### Task to carry out
Without the pictures, give the records again exactly as they appear.

##### Given data

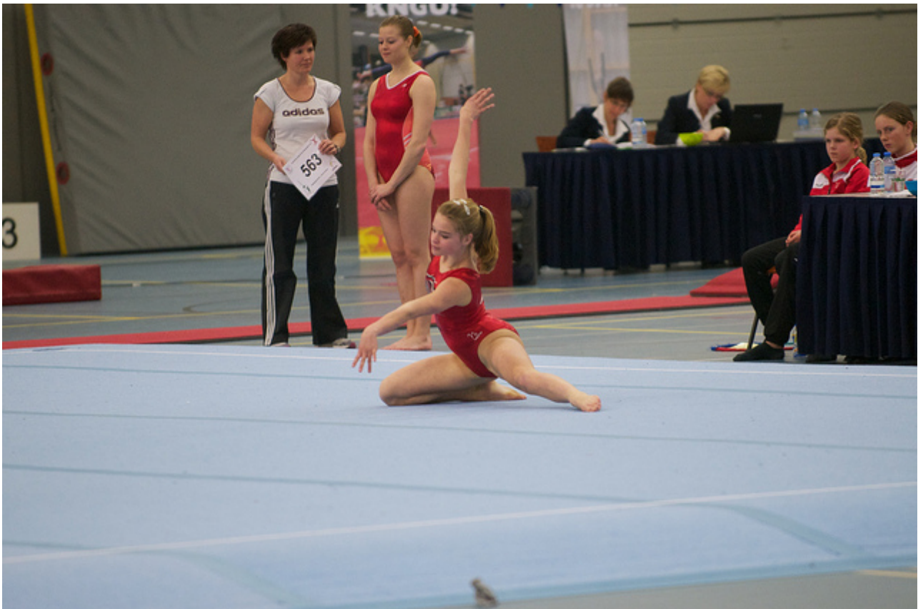
2012-03-24 at 16-48-42 , Gymnastiekvereniging OKK..., CC BY-NC-ND 2.0, 09.01.2014

2. Der Kraftsinn beschreibt den Spannungszustand der Muskeln und der Sehnen.
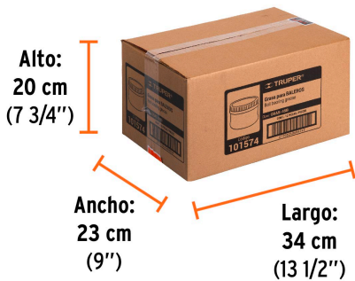
Contiene: 3 inner (12 piezas)
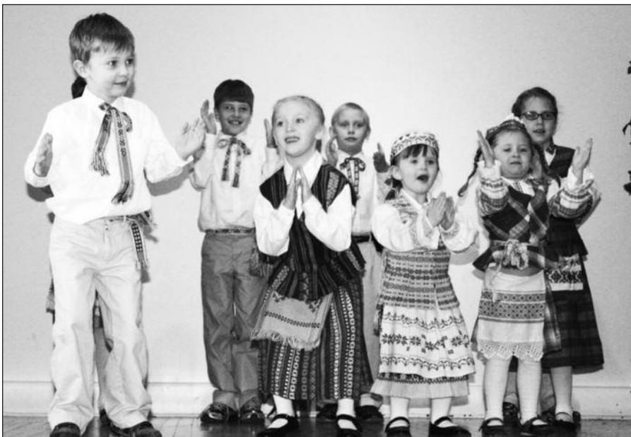
„Aušros“ jauniausieji šokėjai.
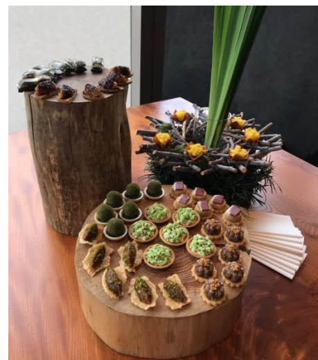
夕食会前のカクテルタイムで提供 すべて大阪産の食材を使用したフィンガーフード8種 テーマは「日本の八重奏(クオテット)」

また、サステナビリティという点においては、すべての食材に対して、「G-GAP」「MSC」といった国際規格を踏襲することは困難だったものの、畜産、水産、野菜の主食材において可能な限り調達ルートに配慮しました。
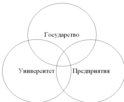
Рис. 1 Модель «Тройной спирали»

На практике «тройная спираль» выражается в том, что университеты могут вносить свой вклад в развитие промышленности через создание новых предприятий и трансфер технологий. Бизнес может оказывать образовательные услуги и проводить исследовательские работы, если это не противоречит основной деятельности предприятий. То же самое действует для государства, которое теперь выступает в роли общественного предпринимателя и венчурного инвестора в дополнение к своей традиционной законодательной и регулирующей роли.
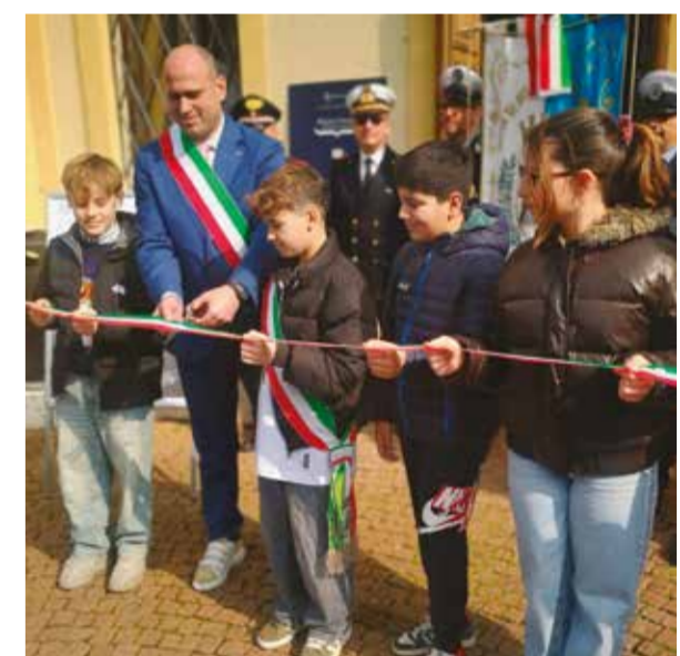
70 anni di Noi: Buon compleanno Bellaria Igea Marina

Seguici sui nostri profili e resta aggiornato sul nostro website

##########

### Task output
2012-03-24 at 16-48-42 , Gymnastiekvereniging OKK..., CC BY-NC-ND 2.0, 09.01.2014

2. Der Kraftsinn beschreibt den Spannungszustand der Muskeln und der Sehnen.
Contiene: 3 inner (12 piezas)
„Aušros“ jauniausieji šokėjai.
夕食会前のカクテルタイムで提供 すべて大阪産の食材を使用したフィンガーフード8種 テーマは「日本の八重奏(クオテット)」

また、サステナビリティという点においては、すべての食材に対して、「G-GAP」「MSC」といった国際規格を踏襲することは困難だったものの、畜産、水産、野菜の主食材において可能な限り調達ルートに配慮しました。
Рис. 1 Модель «Тройной спирали»

На практике «тройная спираль» выражается в том, что университеты могут вносить свой вклад в развитие промышленности через создание новых предприятий и трансфер технологий. Бизнес может оказывать образовательные услуги и проводить исследовательские работы, если это не противоречит основной деятельности предприятий. То же самое действует для государства, которое теперь выступает в роли общественного предпринимателя и венчурного инвестора в дополнение к своей традиционной законодательной и регулирующей роли.
70 anni di Noi: Buon compleanno Bellaria Igea Marina

Seguici sui nostri profili e resta aggiornato sul nostro website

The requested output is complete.